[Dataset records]
================================
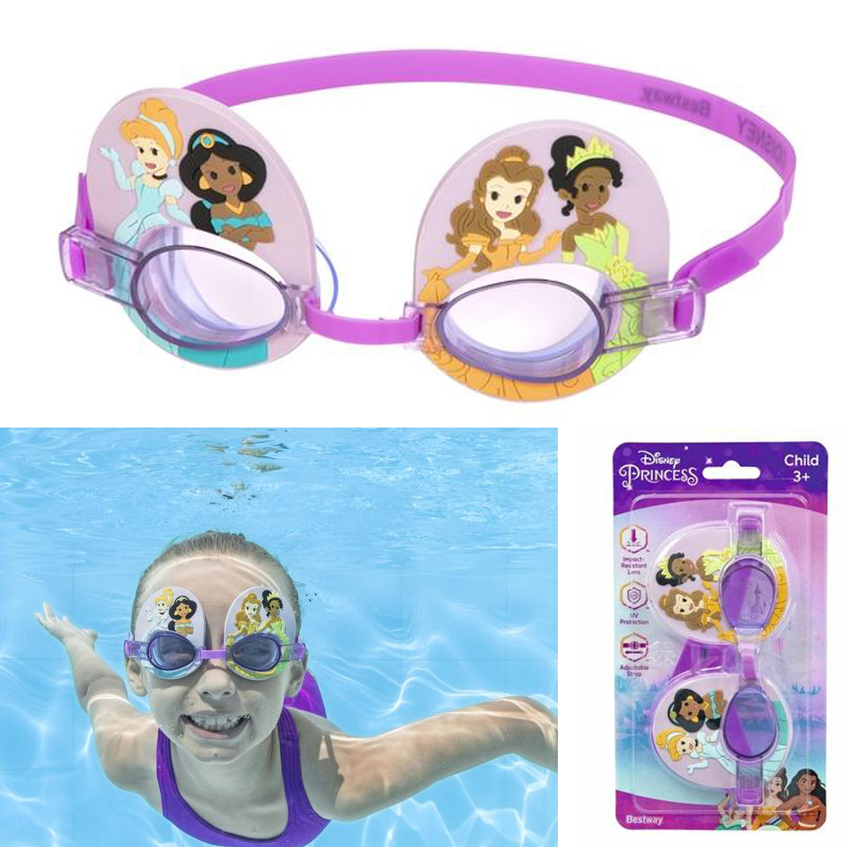 Daj swojemu dziecku radość z nurkowania pod wodą dzięki ulubionym okularkom do pływania Disney® Princess! Idealne dla dzieci w wieku od 3 lat. Okularki do pływania zawierają obrazy ulubionych księżniczek Disneya na zewnętrznej krawędzi.
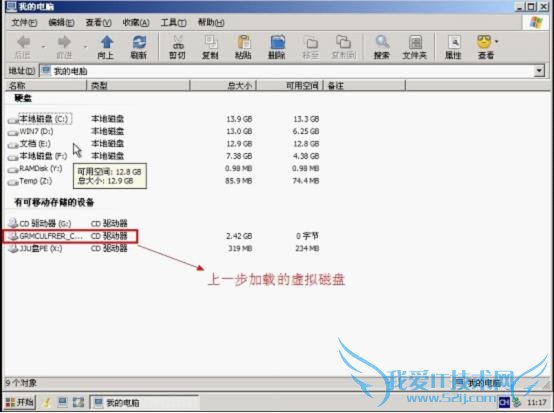 3.打开“我的电脑”,找到准备的原版WIN7系统,鼠标右击系统文件,选择“加载ImDisk虚拟磁盘”
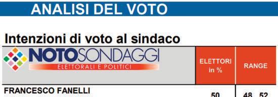 Secondo Noto circa 800 voti potrebbero separare Fanelli dalla vittoria al primo turno. FDI a un improbabile 28% e nessuno calcola il disgiunto
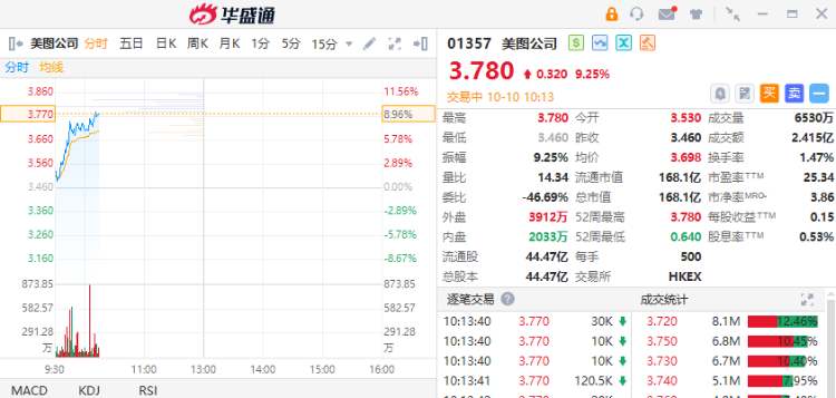 10月10日,美图公司涨超9%,高见3.81港元,成交额2.415亿港元。
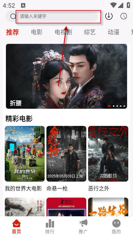1、启动二师兄影视后,可以直接点击首页影片播放,或者输入关键词进行搜索;
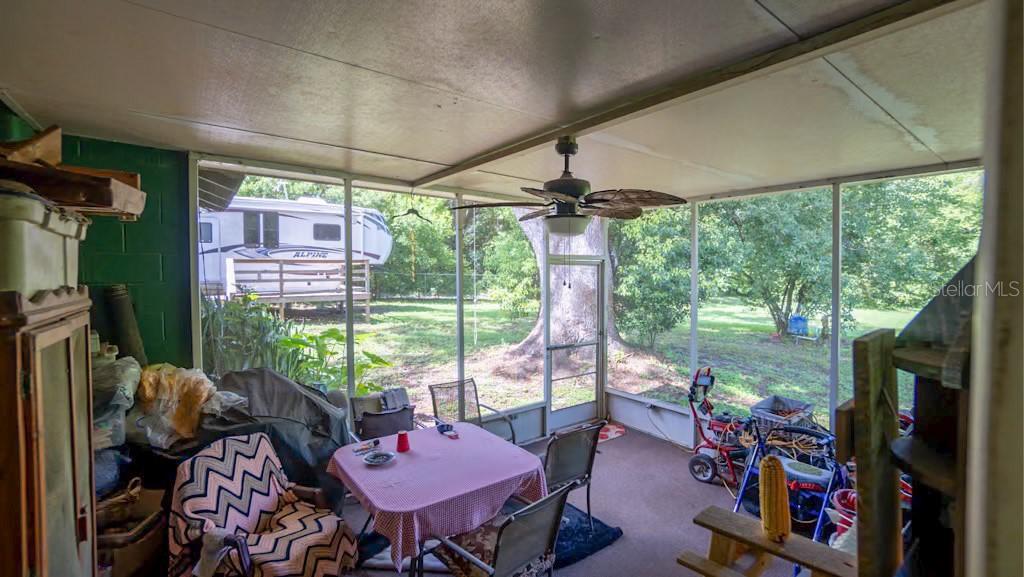FANTASTIC FIXER-UPPER OPPORTUNITY on 1 Acre! and NO HOA! NO CDD! No Deed Restrictions! Solid concrete block home with metal roof just waiting for the right buyer to bring it to an updated beautiful country setting home! with THREE SEPERATE living quarters offered here! Originally constructed in 1948, the main dwelling is a solid 3 bedroom 2 bath home featuring approximately 1,296 sq ft of living area and approximately 1,760 sq ft under roof! Located on a dead end un-paved road, the land is approximately 1 FULL acre and chain link fenced in the rear, and features mature trees and beautiful mature landscaping! The right buyer can finish up the remodel and vitalization of this great home and property and make it so beautiful! Other features of the main dwelling include a recently remodeled kitchen with new cabinets, solid surface countertops, tile backsplash, and stainless steel appliances! There is also a wood burning fireplace in the living room and a wonderful front open porch and a rear screened in patio. Central AC unit for the main dwelling was replaced approximately within the past 5 years, and brand new (2024) TANKLESS hot water heater. The interior utility room is very spacious and also has a front load washer and dryer and plenty of room for interior storage, and the home also features an interior attic fan that. The detached garage (measuring approximately 24 x 20 or 480 sq ft) has been partially converted to a separate living quarters/in-law apartment with a half bath (sink and toilet) and a window ac unit. The apartment has a walk in closet that could be potentially used to remodel into expanding the half bath into a full bath with a shower/tub. ALSO included with the sale is a 2012 39 foot Alpine 5th Wheel RV that has plenty of upgrades featuring real wood cabinetry, solid surface countertops, washer/dryer, queen size bed, and has an RV hook up to power and septic. The refrigerator in the RV does not function and will most likely need to be replaced. Plenty of room to have the pets, small farm animals, extra vehicles, ATV's, RV, and so much more! Zoned AR and Located in Pasco County jurisdiction for lower county taxes, yet extremely close to shopping, retail, schools, and medical services! Home is not located in a flood zone per Pasco County. Priced right at $285,000 as the new buyer will need to finish the remodel and other projects so priced with this in mind. The sale of the property will be As - Is with right to inspect. Seller has also acknowledged that Wayfarer Drive does not physically touch the current property boundaries as to seller's best knowledge, and that Wayfarer Rd is not located on the correct ingress/egress as recorded by Pasco County, however per Seller Pasco County does perform the road maintenance as needed. If you are the right buyer, willing to get the work done, this home and fantastic opportunity is for YOU! Call today for your tour! Potentially reside in the RV while you finish your remodel project! The metal roof did experience some wind damage from recent Hurricane Milton, however appears to be repairable and is reflected along with other remodel projects in the offering price....cash offers only please as work will need to be done to be financeable...grab this opportunity to finish this remodel into a BEAUTIFUL COUNTRY HOME! SHOWN BY APPOINTMENT ONLY...call today for your tour!
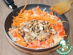 4. Приготовим зажарку. Нарезаем очищенные овощи: лук нарезаем полукольцами, морковь соломкой, помидор кубиками и мелко рубим чеснок. Дольками нарезаем грибы.
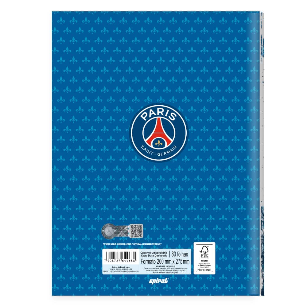 Caderno Universitário, Capa Dura Costurado, 80 folhas, PSG, 2644688, Spiral Psg - PT 1 UN
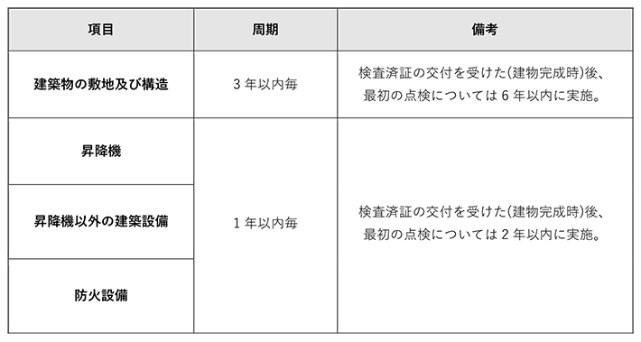 具体的な点検報告の期間は特定行政庁ごとに定められており、例えば東京都では、建築物の敷地及び構造の点検報告時期が以下のように定められています。*3
================================
THE TASK —
Please return every record above exactly, but leave out the pictures.

SOLUTION TO THIS EXERCISE —
 Daj swojemu dziecku radość z nurkowania pod wodą dzięki ulubionym okularkom do pływania Disney® Princess! Idealne dla dzieci w wieku od 3 lat. Okularki do pływania zawierają obrazy ulubionych księżniczek Disneya na zewnętrznej krawędzi.
 3.打开“我的电脑”,找到准备的原版WIN7系统,鼠标右击系统文件,选择“加载ImDisk虚拟磁盘”
 Secondo Noto circa 800 voti potrebbero separare Fanelli dalla vittoria al primo turno. FDI a un improbabile 28% e nessuno calcola il disgiunto
 10月10日,美图公司涨超9%,高见3.81港元,成交额2.415亿港元。
1、启动二师兄影视后,可以直接点击首页影片播放,或者输入关键词进行搜索;
FANTASTIC FIXER-UPPER OPPORTUNITY on 1 Acre! and NO HOA! NO CDD! No Deed Restrictions! Solid concrete block home with metal roof just waiting for the right buyer to bring it to an updated beautiful country setting home! with THREE SEPERATE living quarters offered here! Originally constructed in 1948, the main dwelling is a solid 3 bedroom 2 bath home featuring approximately 1,296 sq ft of living area and approximately 1,760 sq ft under roof! Located on a dead end un-paved road, the land is approximately 1 FULL acre and chain link fenced in the rear, and features mature trees and beautiful mature landscaping! The right buyer can finish up the remodel and vitalization of this great home and property and make it so beautiful! Other features of the main dwelling include a recently remodeled kitchen with new cabinets, solid surface countertops, tile backsplash, and stainless steel appliances! There is also a wood burning fireplace in the living room and a wonderful front open porch and a rear screened in patio. Central AC unit for the main dwelling was replaced approximately within the past 5 years, and brand new (2024) TANKLESS hot water heater. The interior utility room is very spacious and also has a front load washer and dryer and plenty of room for interior storage, and the home also features an interior attic fan that. The detached garage (measuring approximately 24 x 20 or 480 sq ft) has been partially converted to a separate living quarters/in-law apartment with a half bath (sink and toilet) and a window ac unit. The apartment has a walk in closet that could be potentially used to remodel into expanding the half bath into a full bath with a shower/tub. ALSO included with the sale is a 2012 39 foot Alpine 5th Wheel RV that has plenty of upgrades featuring real wood cabinetry, solid surface countertops, washer/dryer, queen size bed, and has an RV hook up to power and septic. The refrigerator in the RV does not function and will most likely need to be replaced. Plenty of room to have the pets, small farm animals, extra vehicles, ATV's, RV, and so much more! Zoned AR and Located in Pasco County jurisdiction for lower county taxes, yet extremely close to shopping, retail, schools, and medical services! Home is not located in a flood zone per Pasco County. Priced right at $285,000 as the new buyer will need to finish the remodel and other projects so priced with this in mind. The sale of the property will be As - Is with right to inspect. Seller has also acknowledged that Wayfarer Drive does not physically touch the current property boundaries as to seller's best knowledge, and that Wayfarer Rd is not located on the correct ingress/egress as recorded by Pasco County, however per Seller Pasco County does perform the road maintenance as needed. If you are the right buyer, willing to get the work done, this home and fantastic opportunity is for YOU! Call today for your tour! Potentially reside in the RV while you finish your remodel project! The metal roof did experience some wind damage from recent Hurricane Milton, however appears to be repairable and is reflected along with other remodel projects in the offering price....cash offers only please as work will need to be done to be financeable...grab this opportunity to finish this remodel into a BEAUTIFUL COUNTRY HOME! SHOWN BY APPOINTMENT ONLY...call today for your tour!
 4. Приготовим зажарку. Нарезаем очищенные овощи: лук нарезаем полукольцами, морковь соломкой, помидор кубиками и мелко рубим чеснок. Дольками нарезаем грибы.
 Caderno Universitário, Capa Dura Costurado, 80 folhas, PSG, 2644688, Spiral Psg - PT 1 UN
 具体的な点検報告の期間は特定行政庁ごとに定められており、例えば東京都では、建築物の敷地及び構造の点検報告時期が以下のように定められています。*3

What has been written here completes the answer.